Devaneio
Por: Alissa Drumond, Allan Blanco, Beatriz
Nunes, Bianca Safadi e Bruno Holanda.
- Então, como estão as coisas? – ele disse, e deitado pude enxergar
seus olhos singelos por detrás das pálpebras. Em seu jaleco, pude
ler ’’Hospício Jacaré Paguá’’ escrito em letras garrafais. Quando a
conformação dos fatos é maior do que a vontade de acreditar que
tudo pode melhorar, esse é um sinal de quem já desistiu.

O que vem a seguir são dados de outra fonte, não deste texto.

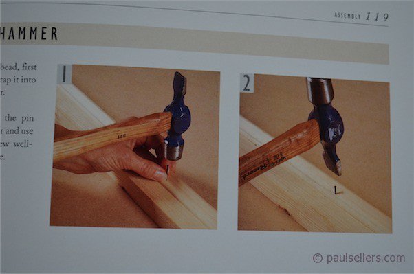 The authors show a small cross-peen hammer driving a panel pin (finish nail US) and states that to start the nail you use the face of the hammer “and then use the tail of the hammer and a few well-place blows to drive the pin home.” Now I don’t know how good the authors are at driving nails with the cross-peen aspect of a cross-peen or Warrington hammer, but I would like to see the “delicate bead” when done.

Ontem não foi meu dia, assim como muitos outros antes
deste. No início pensei que o problema fosse eu, estava
quase convicto disso, porém estava equivocado. Fui
demitido com a desculpa que eu era “capaz demais’’ e
que ficaria “melhor em um emprego de nível mais
elevado’’. Como assim? Uma empresa deveria estar feliz
por ter um empregado de alta capacidade. Isso era algo
efêmero comparado ao embaralhado no qual me
encontro. Para o desemprego encontraria uma solução,
mas a dor que eu sentia poderia ser solucionada tão
facilmente?
Desde sempre me encontrei dessa forma. Perdido.
Quando finalmente todos acharam que eu conseguiria
superar, como um baque, me afundei e passei a ser
aquela figura solitária. Uma das centenas de médicas
com as quais me consultei disse a minha mãe que eu era
um grupo fechado de uma só pessoa. Foi a melhor
definição que eu tinha encontrado para o meu estado
mental em todos esses anos.
Meu irmão tinha conseguido entrar somente
parcialmente, e meu grupo de uma pessoa deixou de ser
um grupo fechado e se tornou um grupo aberto de duas
pessoas. Isso nunca me deixou tão satisfeito. O mais
angustiante era que agora meu grupo tinha perdido um
membro insubstituível. Assim como ele, ela também
tinha me deixado, mas ela não “partiu dessa para uma
melhor”, ela partiu dessa para outro, que talvez
realmente seja melhor. Ela estava cansada de mim. Eu
também estava cansado de mim, por isso a entendia.
Mas do que ela sabe? Do que meu chefe sabe?
“A vida segue’’, um dos meus colegas de trabalho disse
enquanto eu carregava as caixas de papelão, lotadas de papéis.
Ah, a ”vida segue’’ que expressão mais tola para mim.
Caminhando pelas ruas e questionando coisas que nunca
haviam de ser questionadas, pensando que assim como a
expressão a “vida segue’’, constatei que todos não passavam
de tolos. Mas eu não era tolo, eu tinha a minha identidade.
Pelo menos agora eu tinha, assim que parei de ingerir todos
aqueles comprimidos e deixei que o meu “eu’’ interior
florescesse. Por que não pertencer a mim mesmo e
romper as ligações com o comum, a ignorância e o
ceticismo? Era como se eu finalmente pudesse respirar,
longe de todos aqueles comprimidos que sufocaram meu
mundo paralelo até então.
Esse mundo paralelo que parecia afligir as pessoas ao
meu redor, a preocupação de minha mãe, ou os olhares
de medo que me eram lançados quando eu não estava
sob efeito de remédios que costumavam domar meu eu,
era uma prova de que eles tinham medo do
desconhecido, enquanto este era o meu caminho, eu
explorava o desconhecido. E o desconhecido me era
tentador. Meu corpo carnalmente, já tinha sido
abandonado por mim mesmo.
Dei risada, do alto de um prédio. Sentei no peitoril e
balancei as pernas. O que aconteceria se eu desse um
pequeno empurrão com o corpo? Eu poderia encontrar
meu irmão e explicar para ele o que aconteceu nesses
últimos dias. Dei mais uma olhada para a multidão
caminhando cega ao seu próprio redor. E gargalhei ainda
mais alto. Mesmo que todos tenham me dito que eu era
doido, nunca me senti em tão perfeita sanidade. E
finalmente, poderia descarregar-me.
- Então, como estão as coisas? – ele repetiu
despertando-me dos meus devaneios. E eu sorri
amargamente para as paredes brancas monótonas. Na
cacofonia dos meus pensamentos, encolhi-me e me
afundei ainda mais na lamúria reunindo forças pra
responder à mentira que eu aprendi ser a solução para
muitas das perguntas. - Eu estou bem.